Adjusting colours based on metrics
- In the ‘Appearance’ panel, select ‘Edges’ and then ‘Ranking’ > ‘Attribute’ and choose your metric (e.g., Lift).
- This gives you the option to create a colour scale based on your metric of choice (lift in this case). Select ‘Apply’ and return to the preview panel.
- Under preview settings ensure ‘Edges > Colour’ is set to ‘original’ before refreshing to see the results.
Adding clusters to your visualisation
Modularity-Based Clustering (MBC) is a method used in network analysis to identify communities or neighbourhoods within a network. MBC calculates ‘modularity,’ a metric that quantifies how strongly a network divides into clusters.
For example a network with high modularity, would see strong connections between nodes within a cluster, but weak connections between nodes in different clusters.
- Run the ‘Modularity’ statistic in the ‘Statistics’ panel to identify clusters within your network.
- In the ‘Appearance’ panel, choose ‘Nodes’, select ‘Partition’ > ‘Modularity Class’, and apply distinct colours to each modularity class.
- This will colour-code your nodes based on their cluster, visually separating different communities in your network.
Changing the background colour
- Switch to the ‘Preview’ tab in Gephi.
- Locate the ‘Background’ option in the left-hand settings panel.
- Click on the colour box next to ‘Background’ to choose a new colour.
Changing to a darker background allows the node labels and edges with larger LIFT metrics to stand out better. Zooming in also helps to highlight some of the more central and better connected nodes such as cola, burgers and meal sides. These make sense as food and drink categories that would likely be purchased with other items as part of a meal.
Stage 6: Saving and exporting your visualisation
When you are happy with your customised visualisation, save your project and export your visualisation image.
Saving your project
- Go to ‘File’ in the top menu.
- Choose ‘Save’ or ‘Save As’ to save your project.

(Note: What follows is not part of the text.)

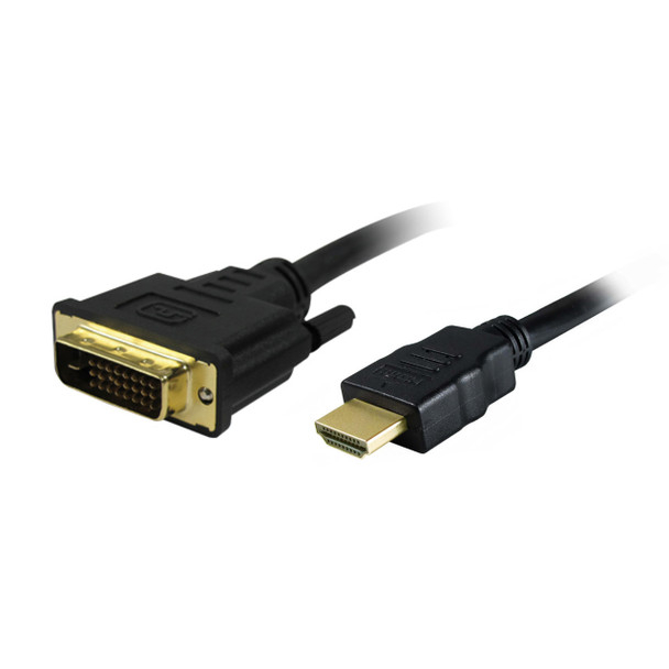 Comprehensive Standard Series HDMI to DVI cables connect DVI devices to HDMI devices such as DVD, satellite boxes, projectors, LCD and plasma HDTVs. This DVI to HDMI cable provides an interface between any DVI and HDMI-enabled source, such as a set-top box, DVD player, and A/V receiver, video monitor, and projector for video only. HDMI supports standard, enhanced, or high-definition video. It transmits all ATSC HDTV standards with bandwidth to spare to accommodate future enhancements and requirements.Standard Series HDMI to DVI cables utilizes a 24k Gold HDMI connector on one end and one DVI-D male connector on the other. 28 awg construction allows for excellent performance. RoHS certified.

Gephi projects are saved in .gephi format, which allows you to reopen and edit them later.
Exporting Your Network
- Navigate to the ‘Preview’ tab.
- Click on the ‘Export’ button and choose your preferred format (e.g. PNG, PDF).
Limitations of Gephi and useful resources
In this tutorial, we’ve covered the steps to visualise a network using Gephi, from installing the software and preparing your data to applying layout algorithms and customising your visualisation.
Limitations
While Gephi is a powerful tool, it does come with some limitations:
- Integration: As a standalone application, Gephi doesn’t integrate with other tools and workflows and can therefore present restrictions when trying to reproduce the networks remotely or integrating with data pipelines built in python. At the end of this tutorial I suggest a couple of options of python libraries as alternatives.

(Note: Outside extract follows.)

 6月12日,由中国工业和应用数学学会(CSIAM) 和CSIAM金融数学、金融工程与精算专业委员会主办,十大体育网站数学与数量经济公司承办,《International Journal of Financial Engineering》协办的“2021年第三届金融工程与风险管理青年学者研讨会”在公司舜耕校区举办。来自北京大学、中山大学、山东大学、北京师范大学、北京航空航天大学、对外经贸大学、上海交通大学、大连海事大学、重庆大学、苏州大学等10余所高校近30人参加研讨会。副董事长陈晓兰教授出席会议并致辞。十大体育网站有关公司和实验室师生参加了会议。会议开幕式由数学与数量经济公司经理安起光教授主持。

- Steep Learning Curve: For beginners, especially those not familiar with network theory, the learning curve can be quite steep. Understanding the nuances of its many features takes time and practice.
Useful Resources
- Gephi Documentation: Gephi Documentation
- A tutorial on performing market basket analysis and Apriori in Python
- Mlxtend Python library
Other tools for visualising networks (but using python):
I hope you found this tutorial useful, good luck making beautiful and interesting network visualisations!